▸ Problem requirements: Only the text carries over: repeat the records exactly and drop the images.

▸ Entries shown:
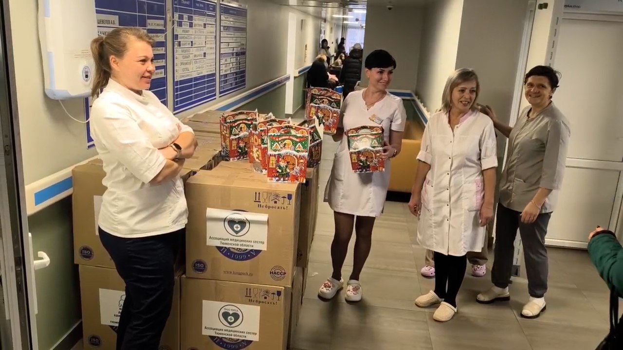 "Вместе с новогодними подарками мы передаём частичку тепла и доброты. Желаем в новом году и деткам, и персоналу, прежде всего, здоровья и нашей скорейшей Победы!", — обратился к врачам и медсёстрам Александр Сукаченко, руководитель Тюменской региональной общественной организации «Офицеры России», депутат Тюменской городской думы.
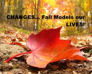 Today it is not the FALL season that I want to emphasize, it is US as human beings living a life of CHANGE! As people do we have “SEASONS” of our lives just like our planet earth? Yes, that is a well known topic, but usually people label them in reference to age. I’m sure you’ve heard the concept too. But, here’s a different thought.
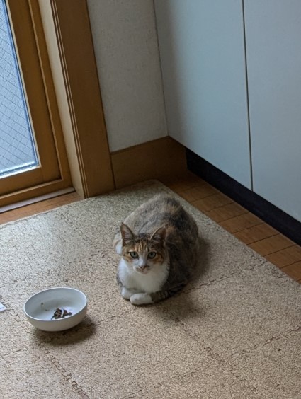 勝手口のドアの前に座って、ニャーと小さな声で鳴きだすと
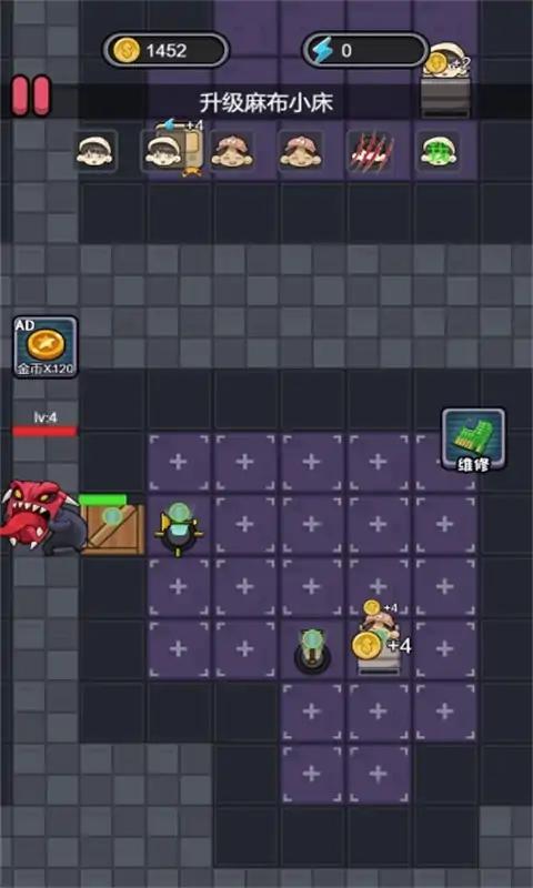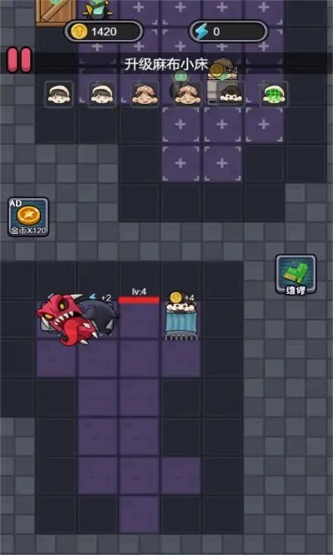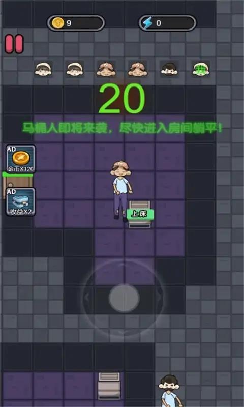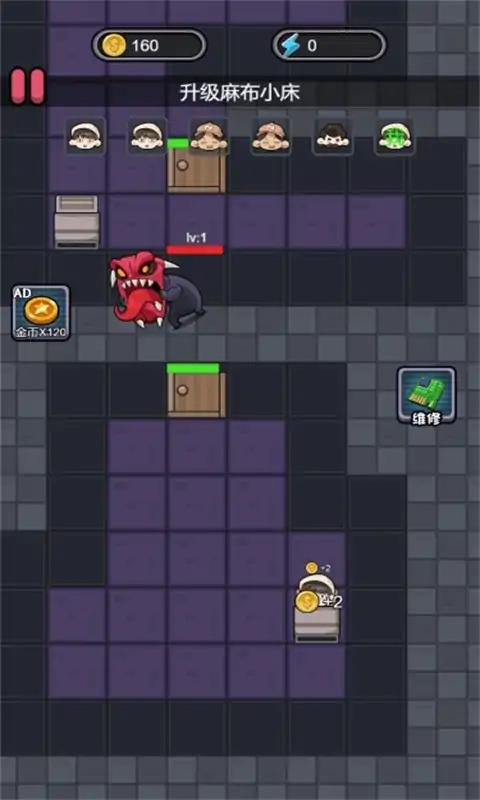 游戏中玩家只可以在房间中的空地板上进行建造,玩家点击空地板后,出现建筑菜单。游戏中玩家需要根据自己当前的经济选择性建造建筑,发现一条符合自己发展的道路。玩家需要将鬼击败或者抵御至天亮方可获胜,反之鬼抓到玩家则玩家失败。躺在床上就能赚钱,用你的钱购买建筑,建立你的设施和防线,共同抵御猛鬼吧!
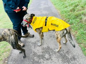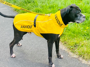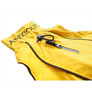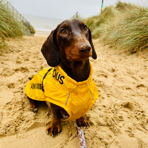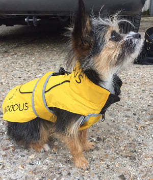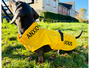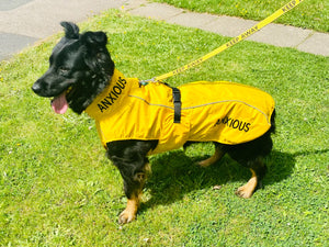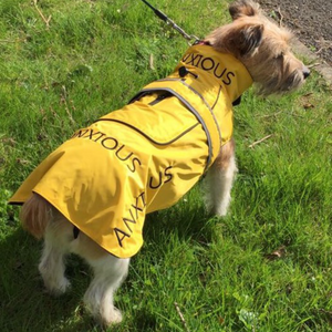 My Anxious Dog's stylish new lightweight waterproof yellow raincoat will keep your anxious dog dry and visible during wet weather adventures plus help let others know that they need space.
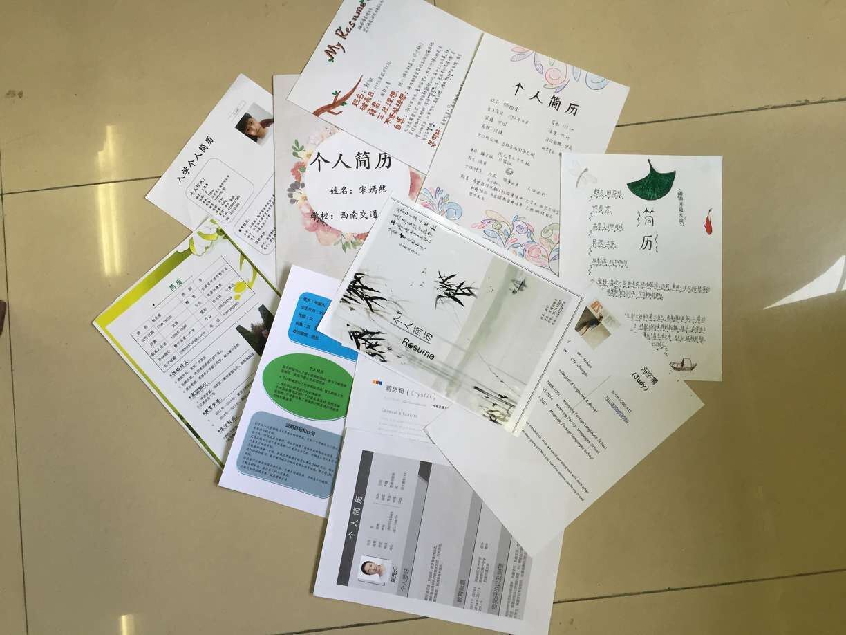 本次活动反响热烈,同学们参与的积极性极高,迎新期间纷纷呈上自己精心制作的简历。从整体观感而言,每一张简历都风格各异,饱含了同学们别出心裁的想象力,其中的创意手绘、精心排版和巧妙构图张扬出新生们不拘一格的表现力,呈现出来自天南地北的同学们各具特色的性格,简历中一行行工整的文字记录下大家的自我总结、自我评判,让同学们在大学这个更大的舞台上展示自我,并且更加客观、全面地深刻认识自我,同学们也在简历中尝试着分享自己的职业生涯规划,对大学进行展望。
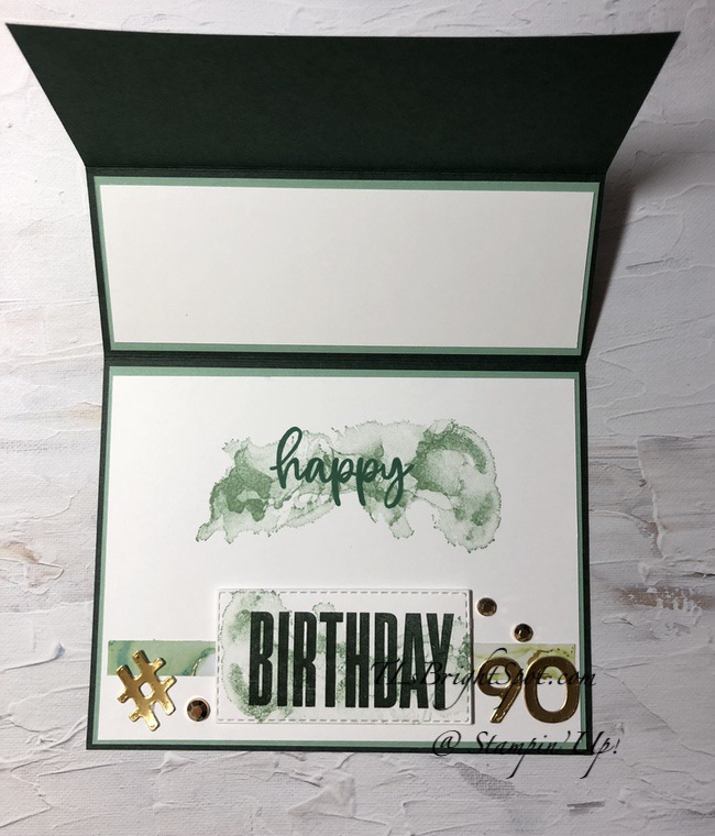• With the Basic White inside panel, stamp the ‘splotch’ with Mint Macaron ink using the Artistically Inked stamp set.
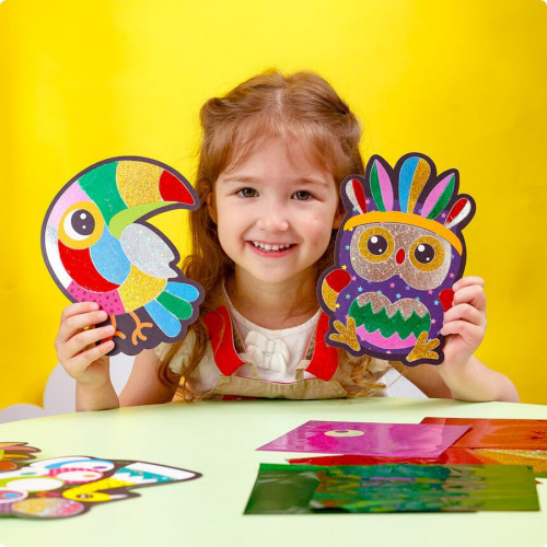 Окунитесь в мир творчества и вдохновения вместе с креативным набором голографической фольги от Vladi Toys! Добавьте сияние и цвет картинкам с изображениями разных птиц.
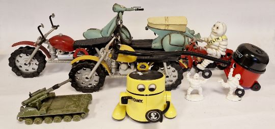 Tinplate model scooter, red and black painted model motorbike, Michelin man on bike and other models (1 box)
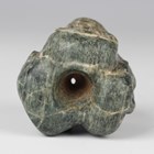 A pre-Columbian Olmec style carved green hardstone bead, possibly 900-450 BC, finely modelled with three faces representing youth, old age and death, height 3.4cm, width 4.2cm, together with a pre-Columbian Olmec style green hardstone twelve bead necklace, length 26cm, a lava rock ring, possibly Aztec civilization, diameter 6cm, and a similar fifteen-bead bracelet. Provenance: from the estate of a West Sussex collector.
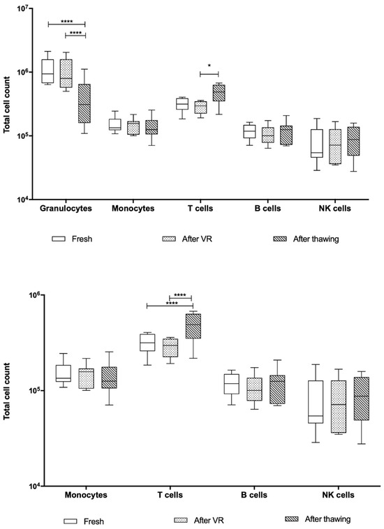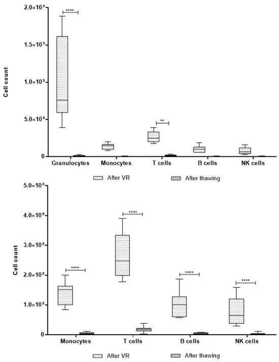 As mentioned previously, the single-platform measurement was only obtained for the after-VR and after-thawing stages. In both cases, the total CD45+ cell population and the number of cells per population were calculated based on the proportions obtained through EuroFlow. In this case, the total numbers are two orders of magnitude higher than those obtained using the hematology analyzer. The analysis excluding granulocytes was also carried out in this case, as shown in Figure 8.
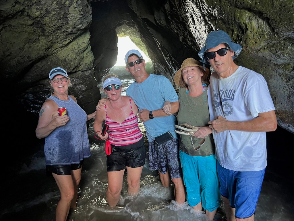 Our first stop was a small beach to investigate a cave that we could walk through at low tide. In the cave the waves crashed through and we decided to only go half way and get a photo. While waiting for the photo to be taken I lost both of my flip flops. Moika said “no problem we will just wait for them to come back to us”. No sooner were we out of the cave and both of my flip flops came floating back out.
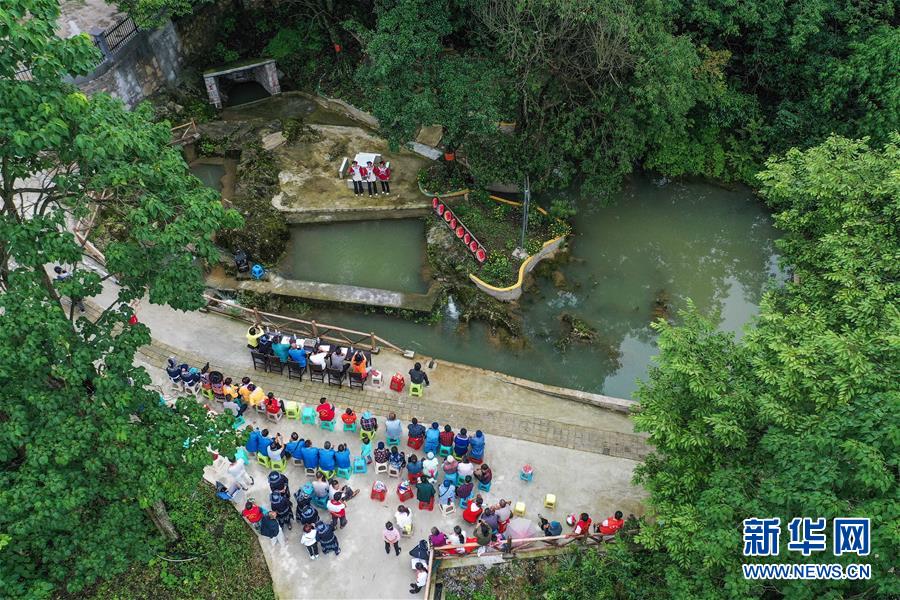 贵州省龙里县醒狮镇谷新村新时代文明实践站“萤火虫好声音”海选活动现场(7月2日摄,无人机照片)。 新华社记者 杨文斌 摄
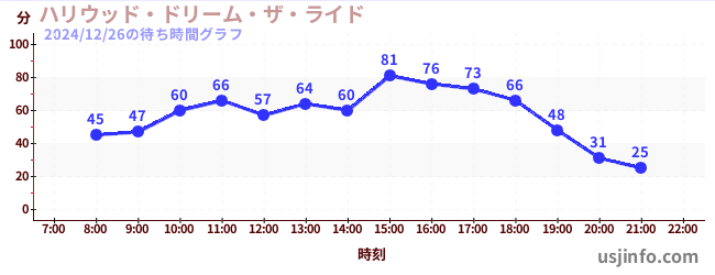 • ハリウッド・ドリーム・ザ・ライド$B$N(B2024年12月26日の待ち時間
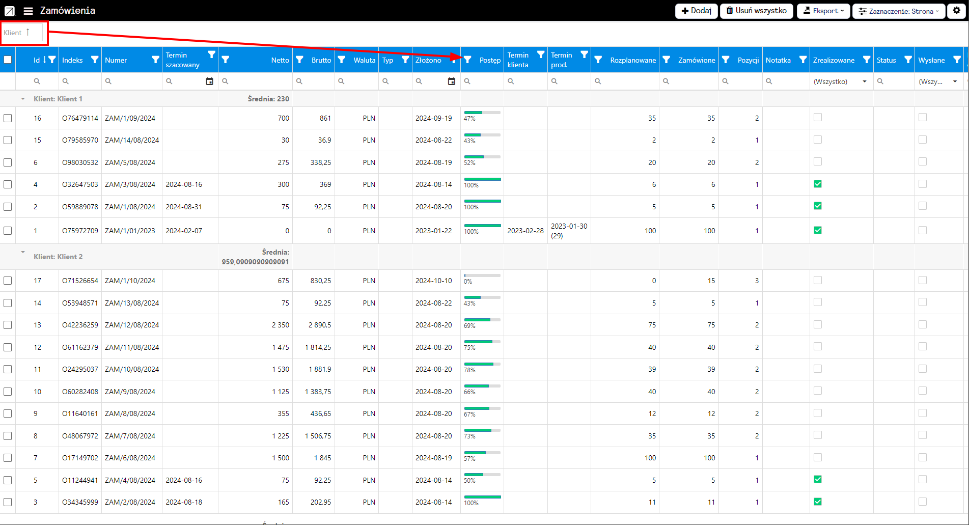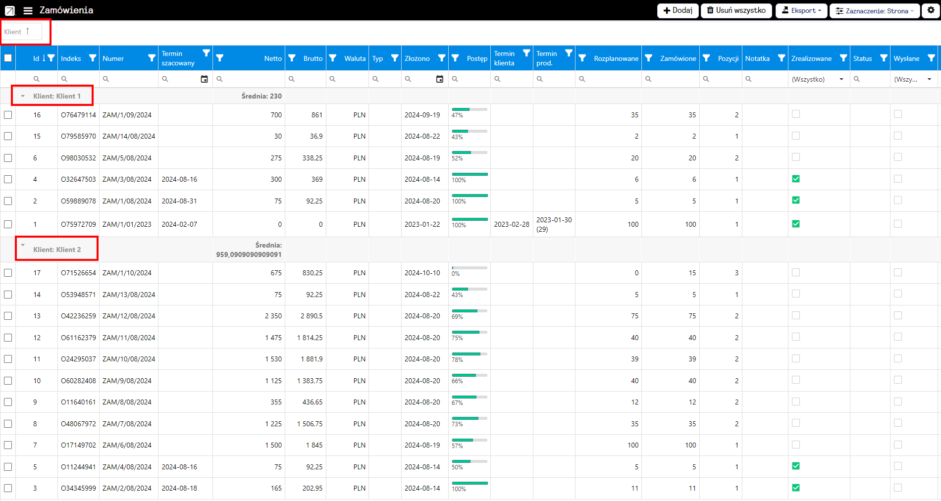 Po wykonaniu tej czynności lista zamówień zostanie podzielona na grupy zamówień powiązane z każdym z klientów:

▸ Answer below:
 "Вместе с новогодними подарками мы передаём частичку тепла и доброты. Желаем в новом году и деткам, и персоналу, прежде всего, здоровья и нашей скорейшей Победы!", — обратился к врачам и медсёстрам Александр Сукаченко, руководитель Тюменской региональной общественной организации «Офицеры России», депутат Тюменской городской думы.
 Today it is not the FALL season that I want to emphasize, it is US as human beings living a life of CHANGE! As people do we have “SEASONS” of our lives just like our planet earth? Yes, that is a well known topic, but usually people label them in reference to age. I’m sure you’ve heard the concept too. But, here’s a different thought.
 勝手口のドアの前に座って、ニャーと小さな声で鳴きだすと
 游戏中玩家只可以在房间中的空地板上进行建造,玩家点击空地板后,出现建筑菜单。游戏中玩家需要根据自己当前的经济选择性建造建筑,发现一条符合自己发展的道路。玩家需要将鬼击败或者抵御至天亮方可获胜,反之鬼抓到玩家则玩家失败。躺在床上就能赚钱,用你的钱购买建筑,建立你的设施和防线,共同抵御猛鬼吧!
 My Anxious Dog's stylish new lightweight waterproof yellow raincoat will keep your anxious dog dry and visible during wet weather adventures plus help let others know that they need space.
 本次活动反响热烈,同学们参与的积极性极高,迎新期间纷纷呈上自己精心制作的简历。从整体观感而言,每一张简历都风格各异,饱含了同学们别出心裁的想象力,其中的创意手绘、精心排版和巧妙构图张扬出新生们不拘一格的表现力,呈现出来自天南地北的同学们各具特色的性格,简历中一行行工整的文字记录下大家的自我总结、自我评判,让同学们在大学这个更大的舞台上展示自我,并且更加客观、全面地深刻认识自我,同学们也在简历中尝试着分享自己的职业生涯规划,对大学进行展望。
• With the Basic White inside panel, stamp the ‘splotch’ with Mint Macaron ink using the Artistically Inked stamp set.
 Окунитесь в мир творчества и вдохновения вместе с креативным набором голографической фольги от Vladi Toys! Добавьте сияние и цвет картинкам с изображениями разных птиц.
 Tinplate model scooter, red and black painted model motorbike, Michelin man on bike and other models (1 box)
 A pre-Columbian Olmec style carved green hardstone bead, possibly 900-450 BC, finely modelled with three faces representing youth, old age and death, height 3.4cm, width 4.2cm, together with a pre-Columbian Olmec style green hardstone twelve bead necklace, length 26cm, a lava rock ring, possibly Aztec civilization, diameter 6cm, and a similar fifteen-bead bracelet. Provenance: from the estate of a West Sussex collector.
 As mentioned previously, the single-platform measurement was only obtained for the after-VR and after-thawing stages. In both cases, the total CD45+ cell population and the number of cells per population were calculated based on the proportions obtained through EuroFlow. In this case, the total numbers are two orders of magnitude higher than those obtained using the hematology analyzer. The analysis excluding granulocytes was also carried out in this case, as shown in Figure 8.
 Our first stop was a small beach to investigate a cave that we could walk through at low tide. In the cave the waves crashed through and we decided to only go half way and get a photo. While waiting for the photo to be taken I lost both of my flip flops. Moika said “no problem we will just wait for them to come back to us”. No sooner were we out of the cave and both of my flip flops came floating back out.
 贵州省龙里县醒狮镇谷新村新时代文明实践站“萤火虫好声音”海选活动现场(7月2日摄,无人机照片)。 新华社记者 杨文斌 摄
 • ハリウッド・ドリーム・ザ・ライド$B$N(B2024年12月26日の待ち時間
 Po wykonaniu tej czynności lista zamówień zostanie podzielona na grupy zamówień powiązane z każdym z klientów:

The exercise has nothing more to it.